▶ **Problem details**
Nothing but the text should be carried over: reproduce all the data exactly and leave out every image.

▶ **Exercise data**
--------------------------------------------------

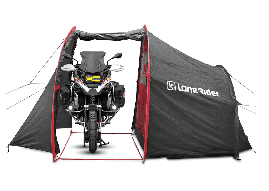 I use a range of motorcycle gear from Lone Rider, including soft bags, a tank bag, top case, auxiliary lights, headlight guard, tent, and more.
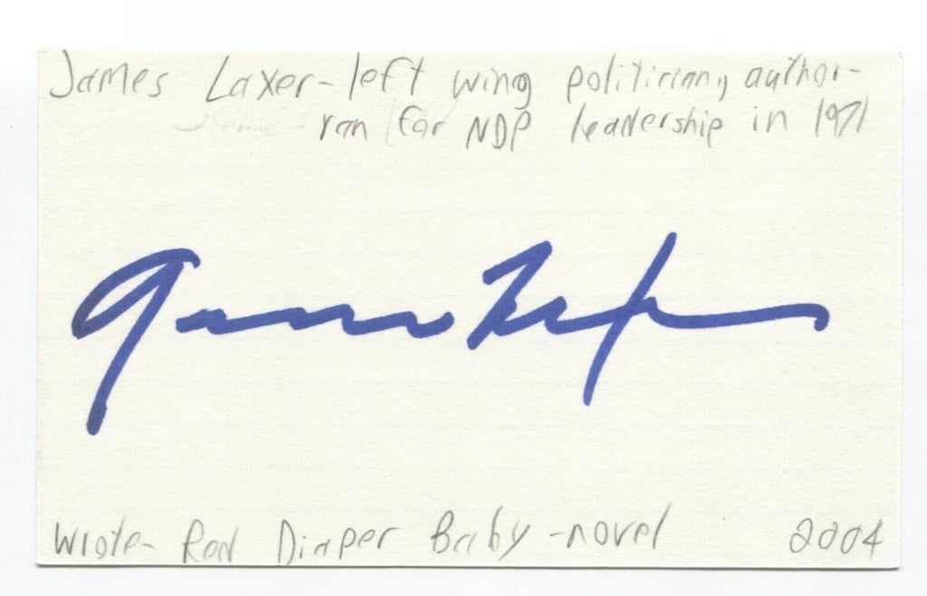 James Laxer Signed 3x5 Index Card Autographed Signature Politician Author
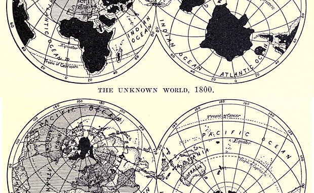 Revisando una vieja edición de Scientific American reference book, en concreto la correspondiente a 1905, he encontrado algunos mapas de sumo interés, como éstos que voy a comentar ahora brevemente. He realizado un montaje de dos mapas que aparecen en la página cuatro del citado libro, para formar la imagen que aparece más abajo. Los dos mapas muestran el estado de la exploración del planeta en dos épocas diferentes. En negro, las áreas consideradas inexploradas por los occidentales en 1800 y en 1900. Con superficie rayada, el área que era posible cubrir en tres semanas de viaje partiendo de Londres. Los mapas son lo bastante expresivos como para que no hagan falta acotaciones adicionales.

--------------------------------------------------

▶ **Answer box**
 I use a range of motorcycle gear from Lone Rider, including soft bags, a tank bag, top case, auxiliary lights, headlight guard, tent, and more.
 James Laxer Signed 3x5 Index Card Autographed Signature Politician Author
 Revisando una vieja edición de Scientific American reference book, en concreto la correspondiente a 1905, he encontrado algunos mapas de sumo interés, como éstos que voy a comentar ahora brevemente. He realizado un montaje de dos mapas que aparecen en la página cuatro del citado libro, para formar la imagen que aparece más abajo. Los dos mapas muestran el estado de la exploración del planeta en dos épocas diferentes. En negro, las áreas consideradas inexploradas por los occidentales en 1800 y en 1900. Con superficie rayada, el área que era posible cubrir en tres semanas de viaje partiendo de Londres. Los mapas son lo bastante expresivos como para que no hagan falta acotaciones adicionales.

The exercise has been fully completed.